Disadvantages of transparent proxy are the following:

Caveat Reason
Poor performance Lack of TCP keepalive
Complicated to take out of line in case a problem occurs Web servers use the Web Security Manager proxy as the default gateway, and must be re-configured to use the network default gateway for the stack to work without Web Security Manager
Difficult to troubleshoot Part of the network configuration is done on the web server.
Availability is not guaranteed Transparent proxy relies on other network equipment and server OSes to accept it, which may not be the case after updates.
Testing is uncertain, including risks associated with applying updates and rebooting

Testing prior to releasing software updates to Web Security Manager is more uncertain in regards to uncovering potential issues with transparent proxy, because it depends on the surrounding network to accept it. This increases the risk associated with applying updates and rebooting the appliance in customer-specific networks.

Configure the transparent proxy

To minimize the availability impact on the web properties, configure the transparent proxy in the order described below.

If WAF is deployed as a cluster, create a cluster interface with a VIP that is reachable by the backend web servers.

  1. On the Websites page, click Services, and then click Network.
  2. Select Enable IP Forwarding in Network routing.
  3. Check the Network segmentation table to verify routing does not violate network segmentation settings.

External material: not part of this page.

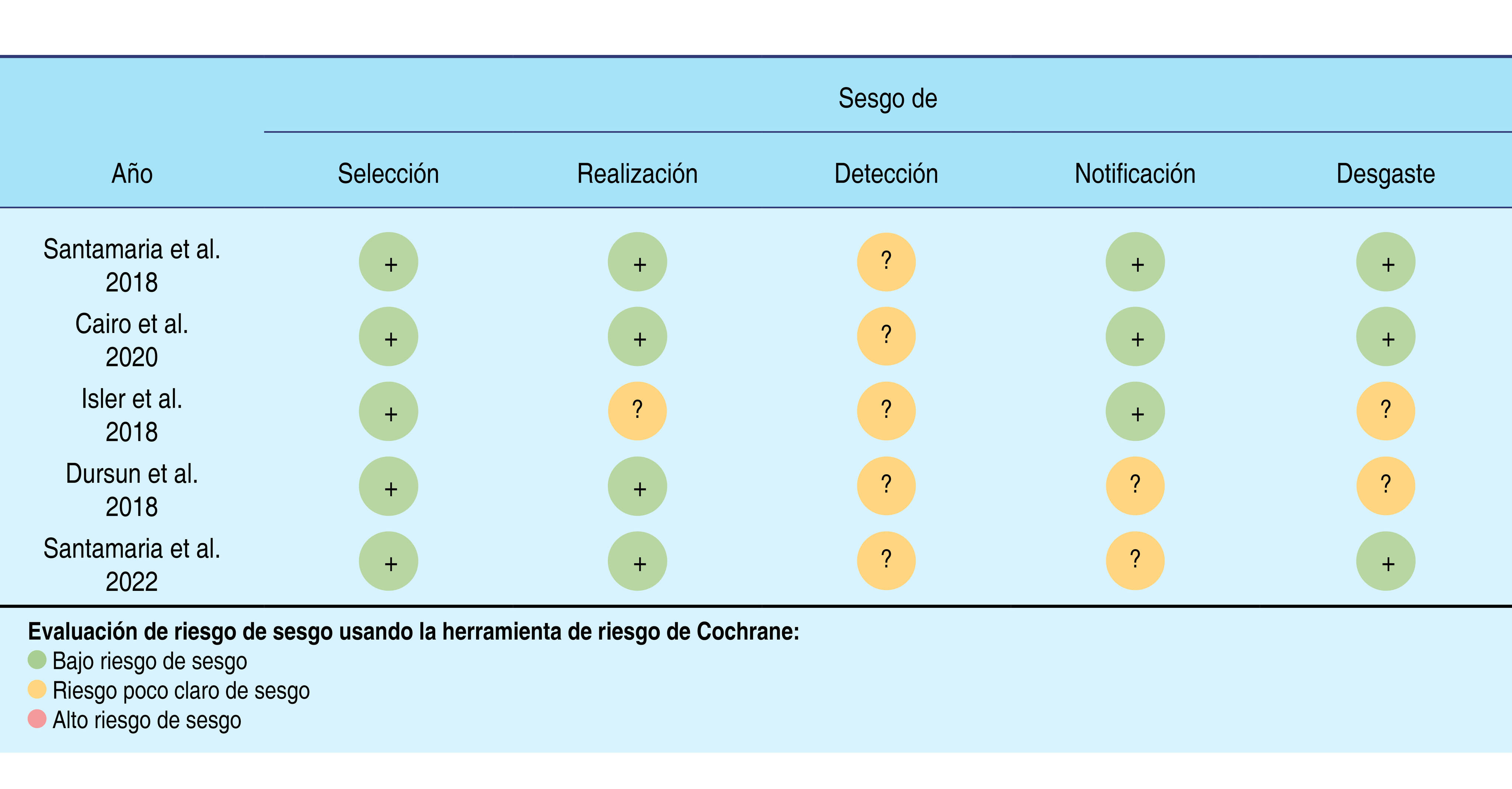 La descripción general del estudio incluyó información sobre el diseño del mismo, tratamiento periodontal, material restaurador utilizado, metodología, tiempo de evaluación y los resultados principales de los estudios. También se proporciona un resumen del riesgo de sesgo en los estudios individuales utilizando las herramientas de riesgo de Cochrane y en análisis de calidad Jadad.
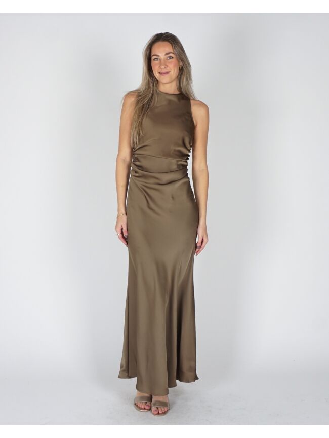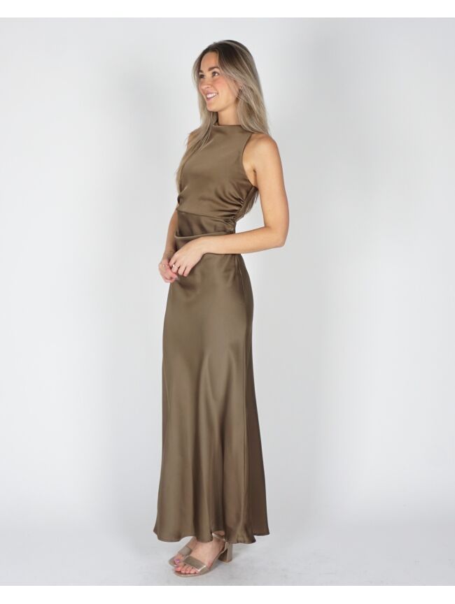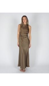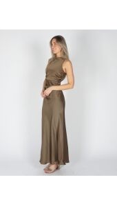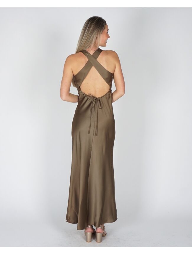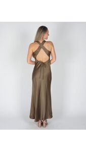 Deze lange satijnen jurk heeft een elegante halterneck en een prachtige open rug, waardoor hij meteen een echte showstopper is. De gladde, glanzende stof valt slank langs het lichaam en zorgt voor een luxe, vrouwelijke look, perfect voor bruiloften, gala’s en andere bijzondere gelegenheden.

Edit the segmentation table if necessary. By default, routing cannot cross network interfaces.
  4. Configure backend web servers to use Managed WAF as the default gateway.

To configure the transparent proxy for each website in the website list:

  1. On the Websites page, under ADC, click Virtual host.
  2. In the Client Source IP, under Transparent Proxy, select Preserve client source IP.
  3. In the ADC tab, click Load balancing.
  4. In the Advance settings, clear Enable real server keepalive.
  5. Click Save settings, and then click Apply changes.